■ **BRIEF**: From the entries below, reproduce exactly the lines from the one with "Sentimentet kring Faron" through the one with "7月23日,讀者在書展上選購", both included, without images.

■ **DATA SHOWN**:
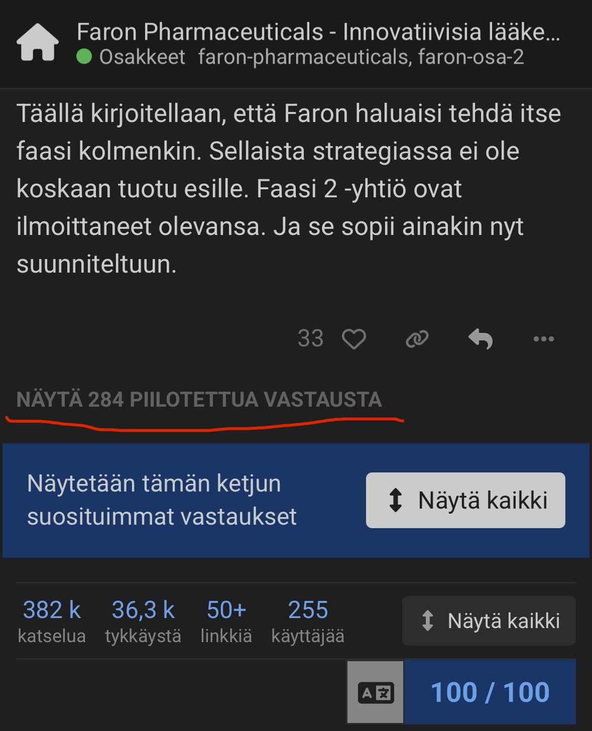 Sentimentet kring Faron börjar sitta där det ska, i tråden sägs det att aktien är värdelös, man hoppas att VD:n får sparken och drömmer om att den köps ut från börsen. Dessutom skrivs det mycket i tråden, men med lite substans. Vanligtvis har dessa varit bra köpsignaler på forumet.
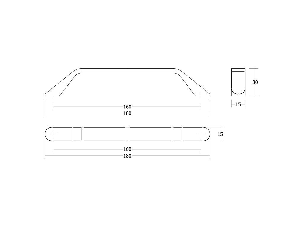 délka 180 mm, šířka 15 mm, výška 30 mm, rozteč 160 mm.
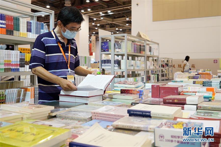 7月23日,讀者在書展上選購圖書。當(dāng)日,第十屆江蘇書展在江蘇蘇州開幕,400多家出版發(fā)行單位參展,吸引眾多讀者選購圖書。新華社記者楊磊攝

---

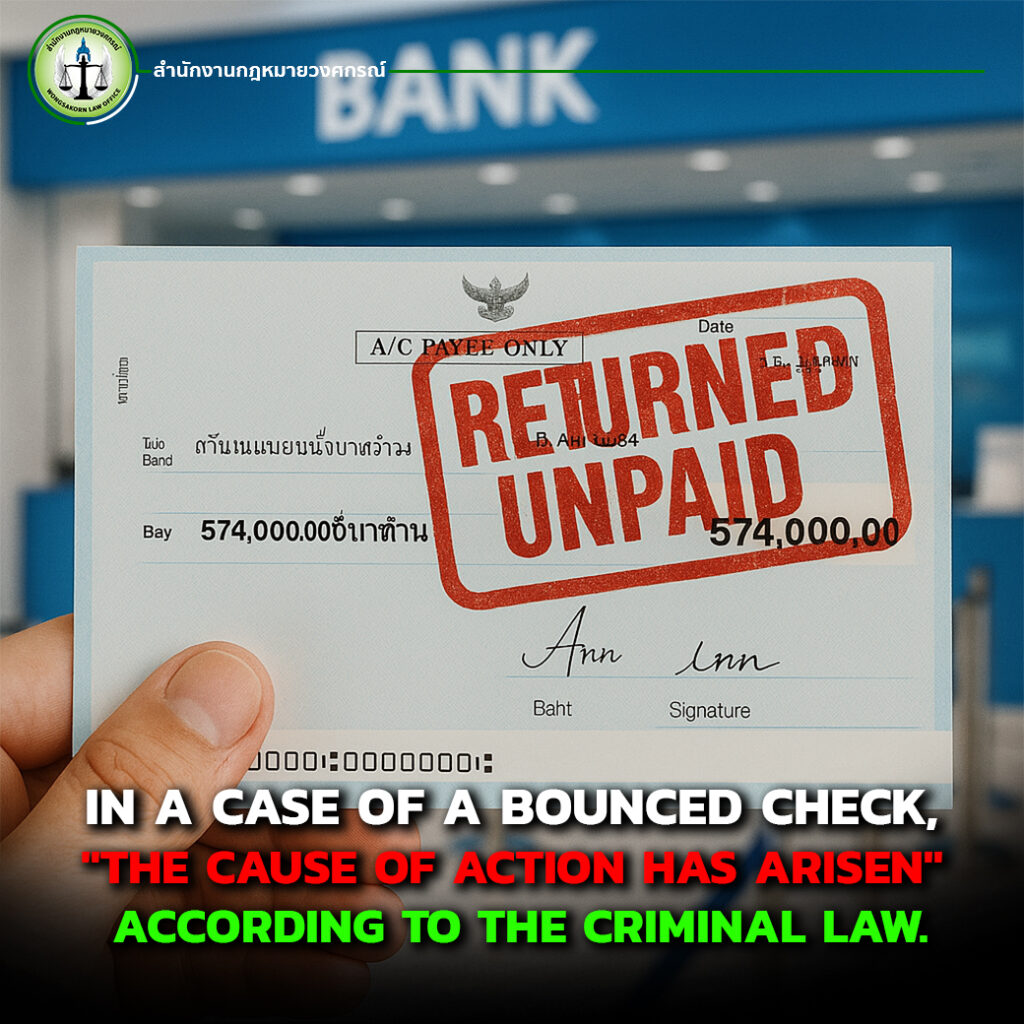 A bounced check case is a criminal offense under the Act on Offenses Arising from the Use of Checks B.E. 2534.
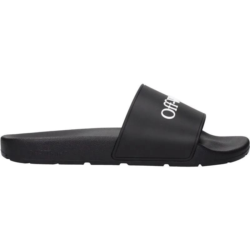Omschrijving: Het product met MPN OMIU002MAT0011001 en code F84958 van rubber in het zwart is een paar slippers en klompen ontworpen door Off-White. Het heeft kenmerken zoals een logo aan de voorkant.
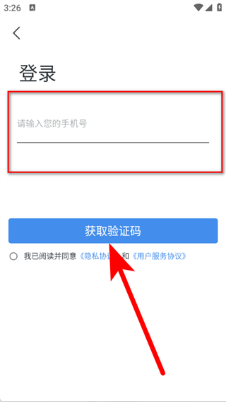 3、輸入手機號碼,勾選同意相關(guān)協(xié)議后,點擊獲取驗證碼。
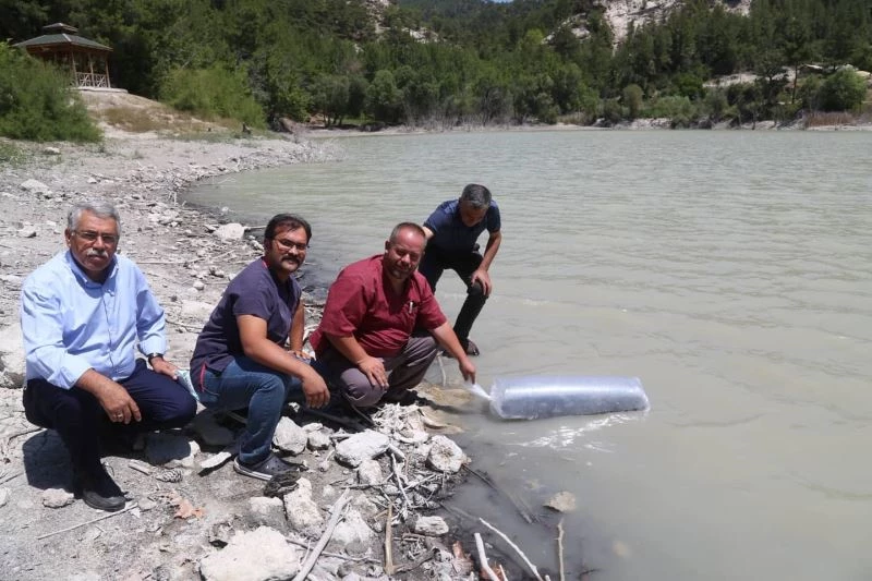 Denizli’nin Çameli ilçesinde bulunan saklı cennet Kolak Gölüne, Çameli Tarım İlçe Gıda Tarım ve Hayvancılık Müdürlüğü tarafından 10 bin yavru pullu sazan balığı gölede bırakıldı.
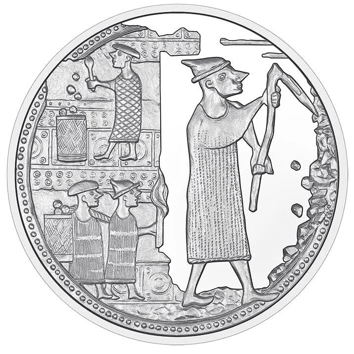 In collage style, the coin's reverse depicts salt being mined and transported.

■ **EXERCISE RESPONSE**:
 Sentimentet kring Faron börjar sitta där det ska, i tråden sägs det att aktien är värdelös, man hoppas att VD:n får sparken och drömmer om att den köps ut från börsen. Dessutom skrivs det mycket i tråden, men med lite substans. Vanligtvis har dessa varit bra köpsignaler på forumet.
 délka 180 mm, šířka 15 mm, výška 30 mm, rozteč 160 mm.
 7月23日,讀者在書展上選購圖書。當(dāng)日,第十屆江蘇書展在江蘇蘇州開幕,400多家出版發(fā)行單位參展,吸引眾多讀者選購圖書。新華社記者楊磊攝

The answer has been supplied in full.